• _Task_: Would you copy exactly the lines in the data below from the one that has "스페이스뉴스 스페이스뉴스 기자" through the one that has "Vigala Maarja kirik.", dropping any pictures?

[Data provided Boundary: Start]

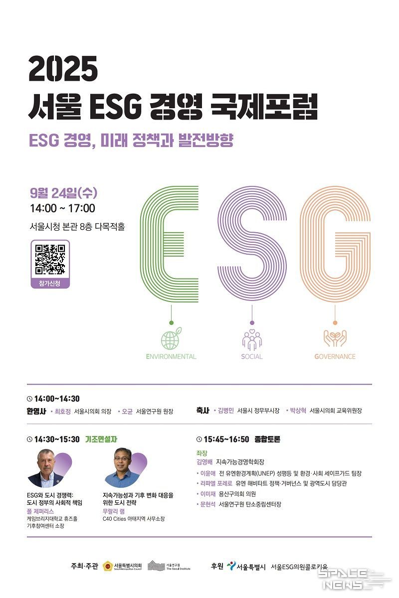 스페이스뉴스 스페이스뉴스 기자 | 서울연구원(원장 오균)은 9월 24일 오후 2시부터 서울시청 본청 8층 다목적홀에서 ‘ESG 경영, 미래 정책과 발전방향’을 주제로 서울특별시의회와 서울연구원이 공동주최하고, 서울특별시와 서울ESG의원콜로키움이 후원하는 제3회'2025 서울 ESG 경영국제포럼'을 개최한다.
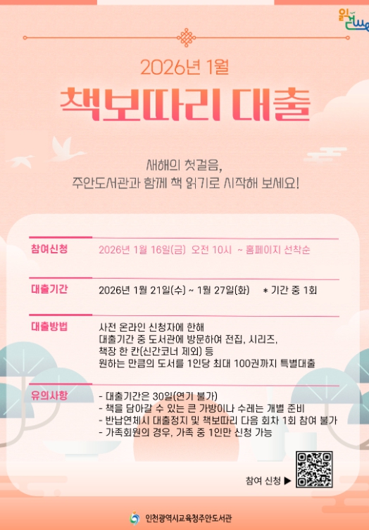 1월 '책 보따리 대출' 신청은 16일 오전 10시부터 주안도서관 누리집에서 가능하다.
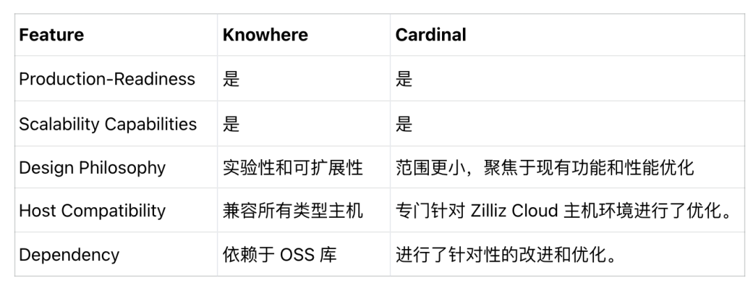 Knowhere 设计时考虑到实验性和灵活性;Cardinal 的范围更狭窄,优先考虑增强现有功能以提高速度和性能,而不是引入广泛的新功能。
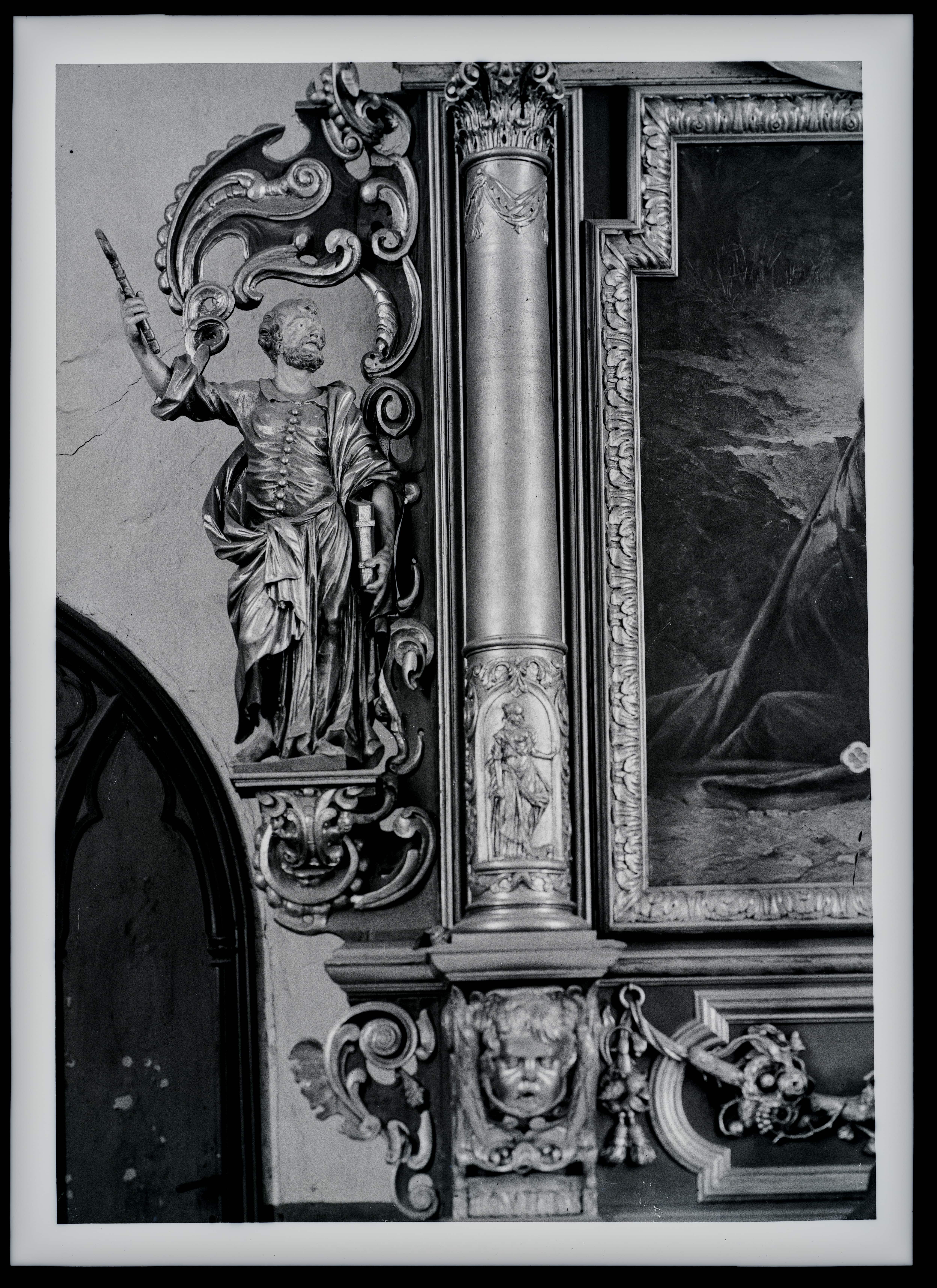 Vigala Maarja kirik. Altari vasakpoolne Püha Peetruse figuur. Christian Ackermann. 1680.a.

[Data provided Boundary: End]
[Data provided Boundary: Start]

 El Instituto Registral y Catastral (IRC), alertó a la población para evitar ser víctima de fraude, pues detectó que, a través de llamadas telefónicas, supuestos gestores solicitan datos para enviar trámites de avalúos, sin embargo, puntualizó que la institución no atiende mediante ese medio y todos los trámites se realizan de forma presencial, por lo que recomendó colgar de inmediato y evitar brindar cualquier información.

[Data provided Boundary: End]

• _Completed task_:
 스페이스뉴스 스페이스뉴스 기자 | 서울연구원(원장 오균)은 9월 24일 오후 2시부터 서울시청 본청 8층 다목적홀에서 ‘ESG 경영, 미래 정책과 발전방향’을 주제로 서울특별시의회와 서울연구원이 공동주최하고, 서울특별시와 서울ESG의원콜로키움이 후원하는 제3회'2025 서울 ESG 경영국제포럼'을 개최한다.
 1월 '책 보따리 대출' 신청은 16일 오전 10시부터 주안도서관 누리집에서 가능하다.
 Knowhere 设计时考虑到实验性和灵活性;Cardinal 的范围更狭窄,优先考虑增强现有功能以提高速度和性能,而不是引入广泛的新功能。
 Vigala Maarja kirik. Altari vasakpoolne Püha Peetruse figuur. Christian Ackermann. 1680.a.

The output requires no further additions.